Hawaiʻi imports the vast majority of its food, making our islands vulnerable to shipping disruptions, natural disasters, supply chain interruptions, and rising transportation costs.

At the same time, thousands of acres of agricultural land sit underutilized while local farmers face challenges accessing land, water, labor, infrastructure, processing facilities, and markets.

Food security is not just an agricultural issue. It is an economic issue, a public safety issue, and a cost-of-living issue.

A stronger Hawaiʻi requires a stronger local food system.


Daniel’s Position

Daniel believes Hawaiʻi should increase local food production, support local farmers and ranchers, protect agricultural lands, and build a more resilient food system for future generations.
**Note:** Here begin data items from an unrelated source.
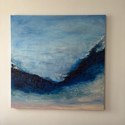 Flera abstrakta tavlor i blå och gröna nyanser. Finns nära Ekerö centrum en kvart från Brommaplan. Säljes av konstnären. Jag väljer en ny riktning med min konst och säljer därför ut dessa målningar till lågt pris. Endast 2500:- styck. Kom och titta!
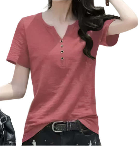Women’s Cotton Short Sleeve V-neck Button SHIRT-BL141
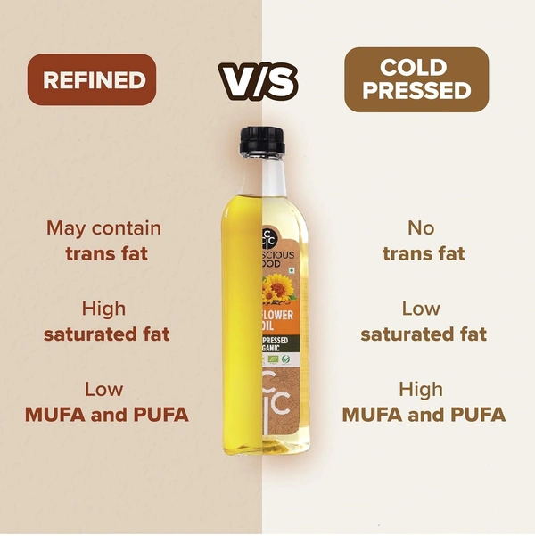 - Cold-pressed : Sunflower oil is organic certified as well as cold-pressed. Starting from seed to its final product, everything is organically sourced, manufactured, and packed as per the standards. This product is considered an ‘essential’ culinary oil in your kitchen. Straight from the farm, delivered to your kitchen
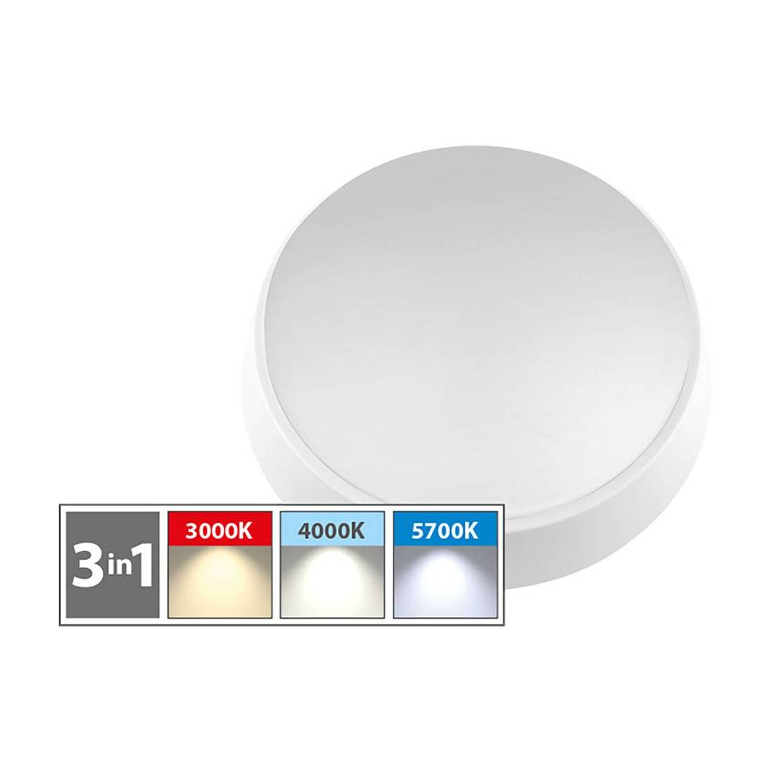 Per esterno, struttura e diffusore in materiale termoplastico, IP54. Temperatura colore Tri-White: 3000K - 4000K - 5700K. Innesco istantaneo, tensione 220-240V, frequenza 50/60 Hz. Non dimmerabile. CE RoHS. Dimensione 180x68 mm.
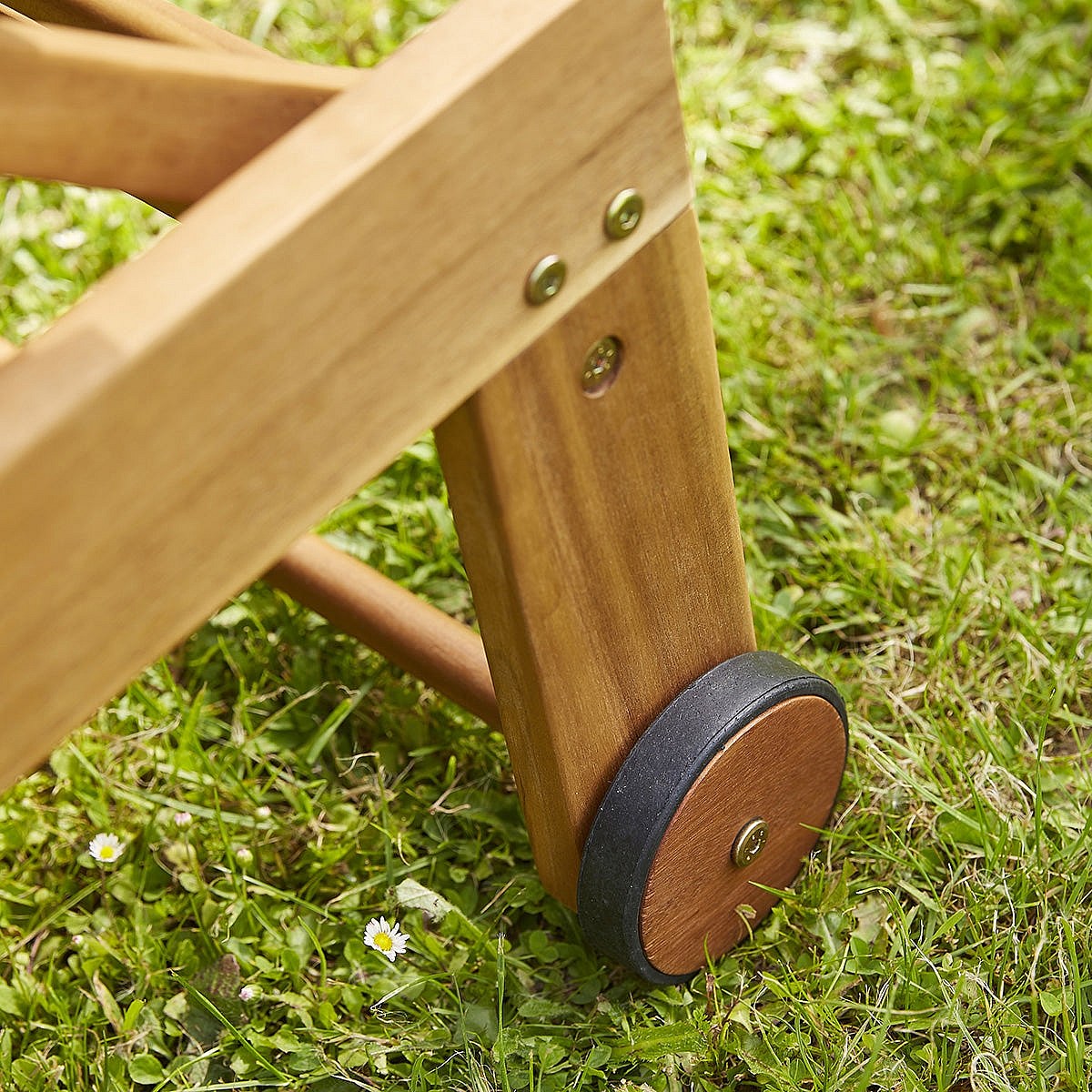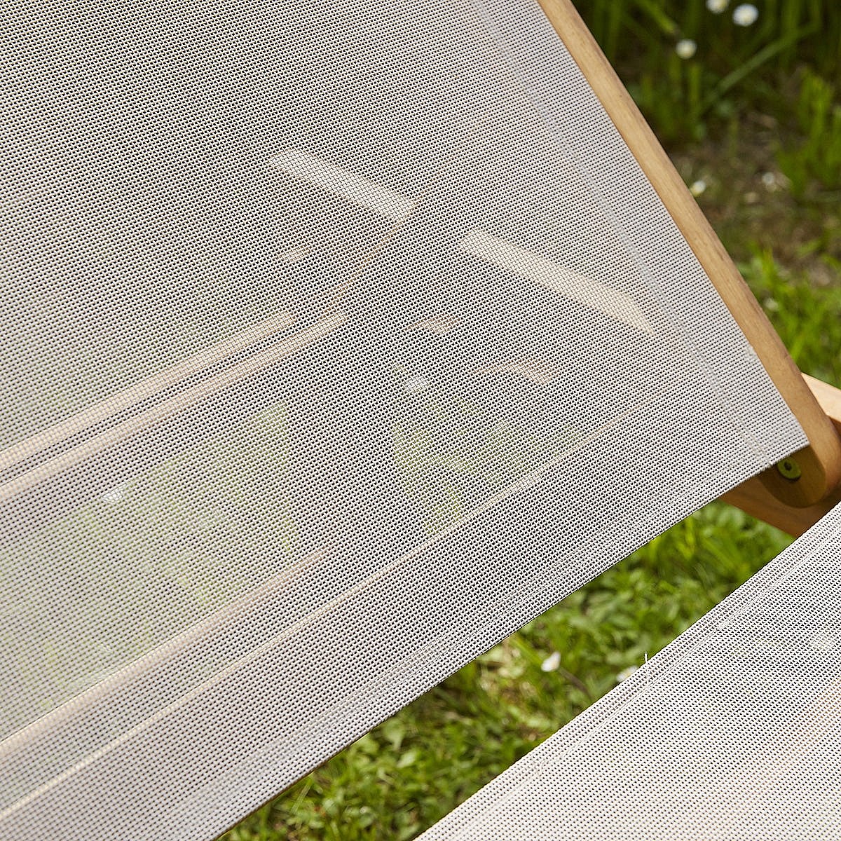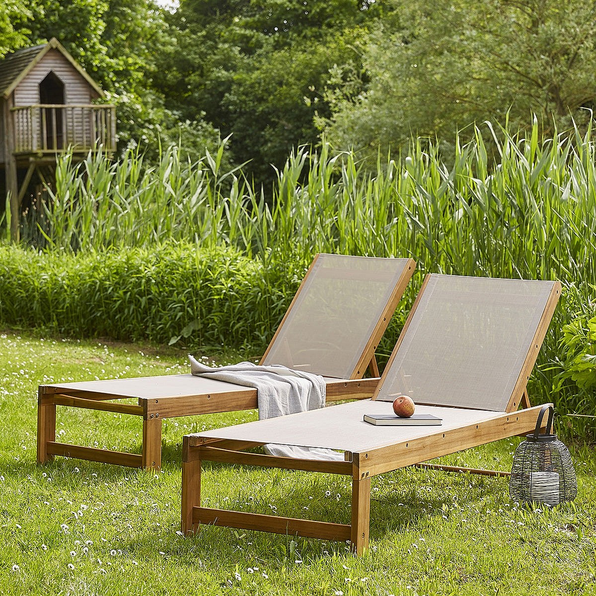 Bain de soleil en acacia massif et textilène gris
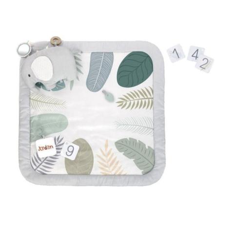 un traversin de support éléphant pour jeux sur le ventre avec des oreilles crissantes et des étiquettes sensorielles, un miroir pour découvrir les reflets et un anneau de dentition.
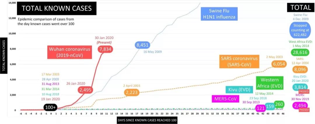 应该说,1月23日以来,武汉采取了强有力的控制措施,减少了病例向周边城市和国外的输出强度,加之国内其他地方和海外采取的检疫控制措施,有可能降低传染率,但在国内其他地方和世界各地发现的病例数量越来越多,也远远快于SARS的表现,表明这一流行病的规模还在继续扩大。
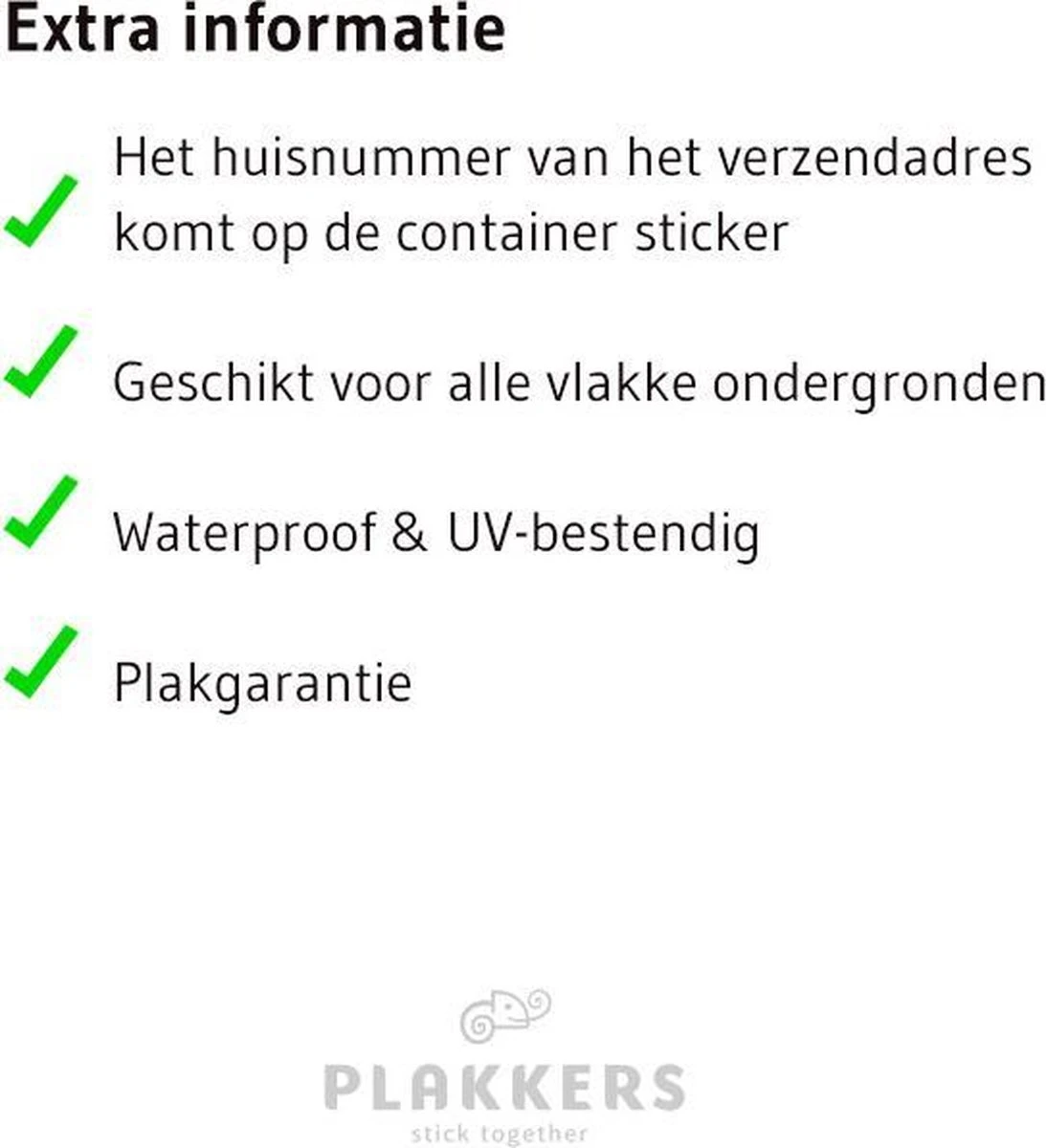 Ben je op zoek naar mooie containerstickers met jouw huisnummer? Deze weerbestendige stickers zijn eenvoudig op alle vlakke ondergronden aan te brengen. Kies uit wit of zwart, wij gebruiken het huisnummer van het bezorgadres.
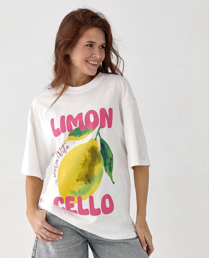Izgatavots no auduma, kas ir patīkams pieskārienam. Uz pleca ir uzraksts. Apaļš izgriezums. Pazemināta plecu līnija.
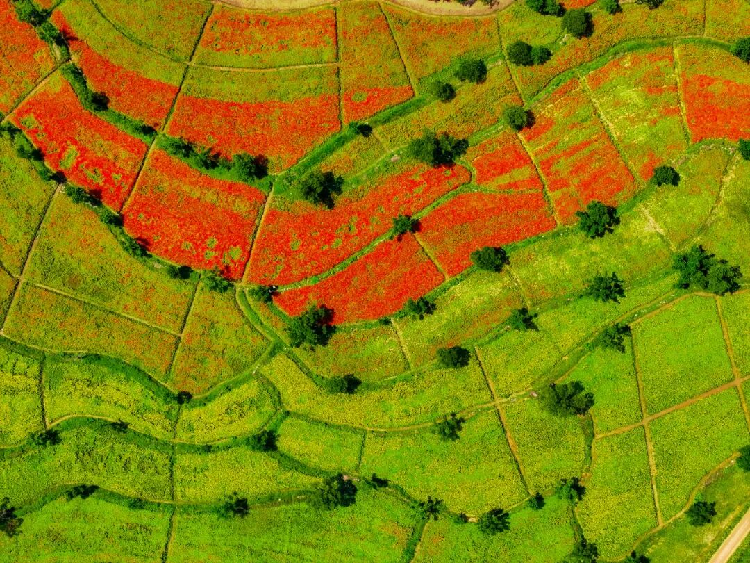 这片杜鹃沿着坡地肌理铺展,疏密间透着恰到好处的韵律:坡底的杜鹃开得更繁盛,挨挨挤挤连成一片红绸,仿佛要将大地裹进热烈里;往坡上走,花丛渐疏,却多了几分错落的美感,让整面坡地的红既有厚重的底色,又不失灵动的层次。花丛间偶见木质观景台的一角探出,似是特意为欣赏这份壮阔而设,站在其上,既能将漫坡嫣红尽收眼底,还能望见远处红叶景区水岸的粼粼波光。
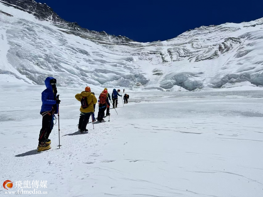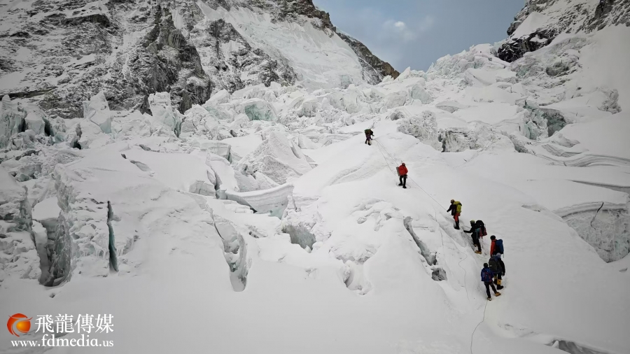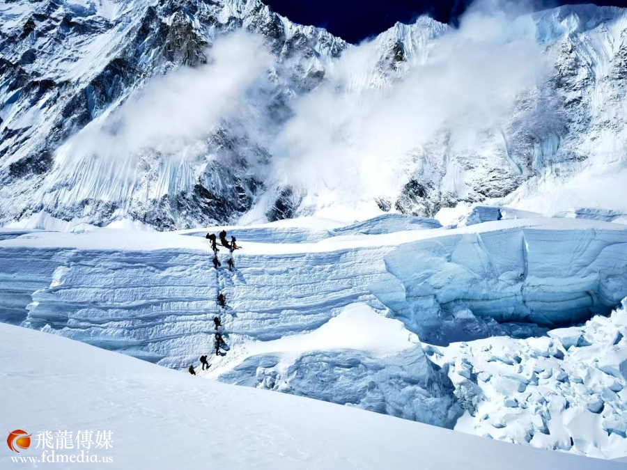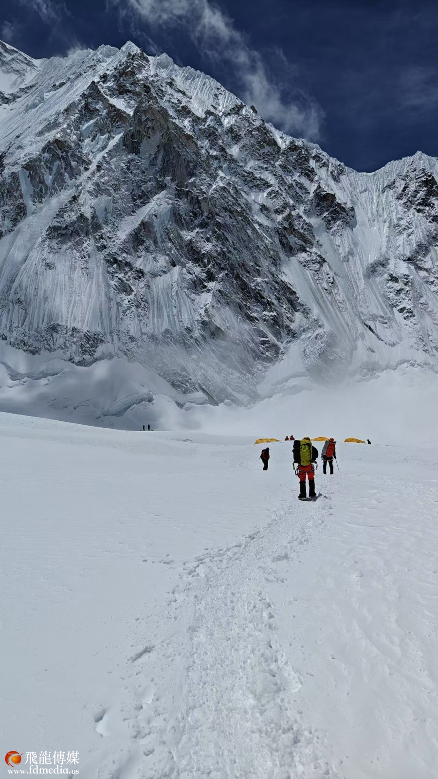 Lhotse 冰墙长达1125米,倾角在45度以上,有些地段超过80度。
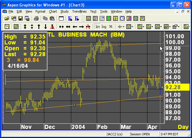 When there are many trend lines on a chart, note that the cursor window displays only one of the trend lines. You control which trend line is displayed in the cursor window by positioning the mouse pointer on or near the trend line you want displayed. Then, hold down the right mouse key and click the left mouse key.
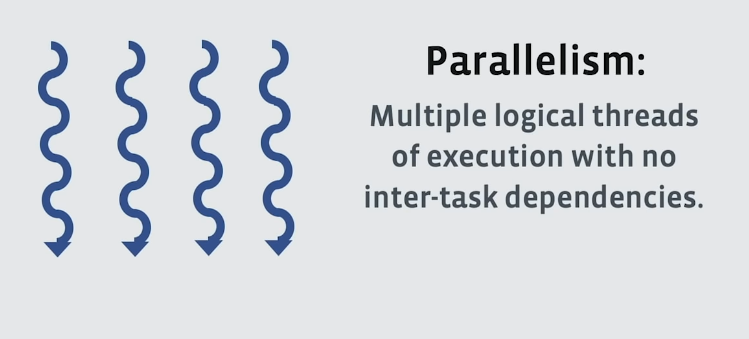 - Parallelism is a way to speed up code: pieces of your program don’t have to all wait their turn while one task at a time executes.
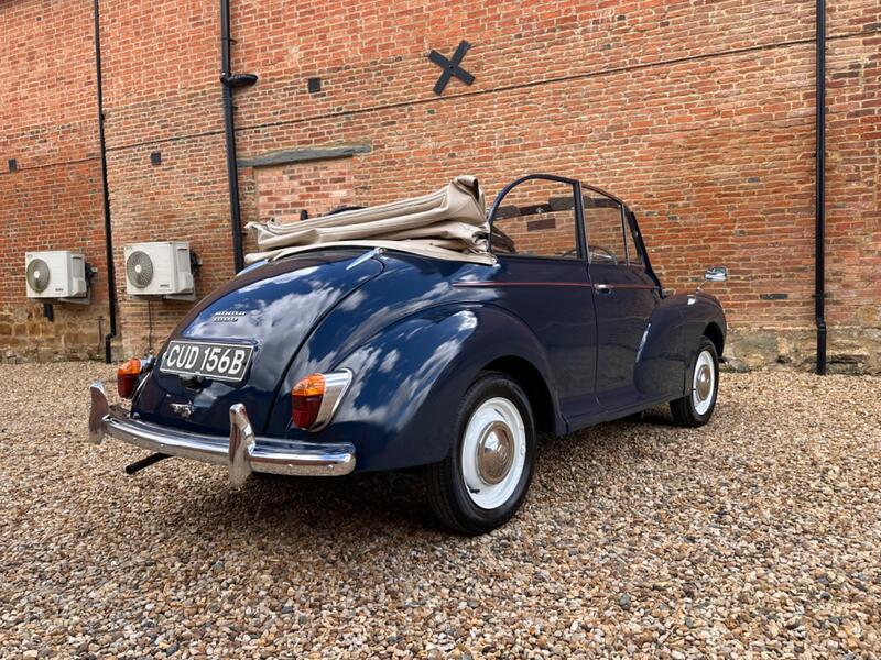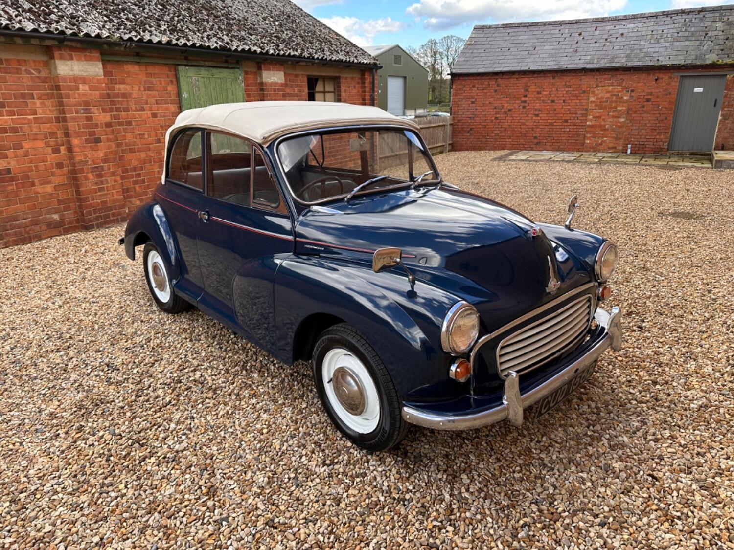 1964 Morris Minor 1000 Convertible 1098cc. Trafalgar Blue with blue ambla upholstery and a white soft top. This genuine factory convertible with the correct MAT chassis number has been with its last owner for 8 years and is in lovely all round condition. It comes with a large history folder containing many bills and invoices, a huge amount of old mot certificates, and the original green log book which shows the Morris still retains its original registration number. The car was subject to a restoration in 2005 when lots of new parts and panels were fitted with all invoices on file. Lots of work has been carried out over the years which includes a complete engine overhaul and converted to run on unleaded fuel and a telescopic front damper kit. The car is very solid throughout with no signs of any corrosion and a strong chassis. Running and driving just as it should and with the distinctive exhaust parp that only Morris Minors have. Just waiting to be enjoyed in new hands for those lovely sunny days out. Although now tax and mot exempt a fresh mot will be applied upon sale for your own peace of mind. Absolutely any inspection welcome. All major debit and credit cards accepted. Part exchange considered. Free U.K mainland delivery. Please contact us for any further information. Lots more pictures and a video on our website and Facebook page.

Agriculture should be viewed as critical infrastructure.

The goal is simple: produce more food locally, strengthen rural communities, and improve Hawaiʻi’s long-term self-sufficiency.


Action Plan

Increase Local Food Production

Support policies that help farmers expand production and bring more locally grown food to Hawaiʻi families.

Protect Agricultural Lands

Preserve productive agricultural lands for farming and ranching while discouraging the loss of agricultural resources to incompatible development.

Improve Water Access and Agricultural Infrastructure

Support investments in irrigation systems, water storage, roads, processing facilities, and other infrastructure that enables agricultural success.

Support Agricultural Innovation

Encourage research, education, technology, and best practices that improve productivity and environmental stewardship.

Strengthen Food Security Planning

Incorporate food resilience and local production goals into statewide emergency preparedness and long-term planning efforts.


Measuring Success

Daniel supports annual reporting on:

  • Active agricultural acreage

  • Local food production levels

  • Agricultural water availability

  • Number of active farms and ranches

  • Agricultural employment

  • Food import dependence

  • Agricultural infrastructure investments

  • Food security and resilience indicators

A stronger food system should be measured by production, participation, and resilience.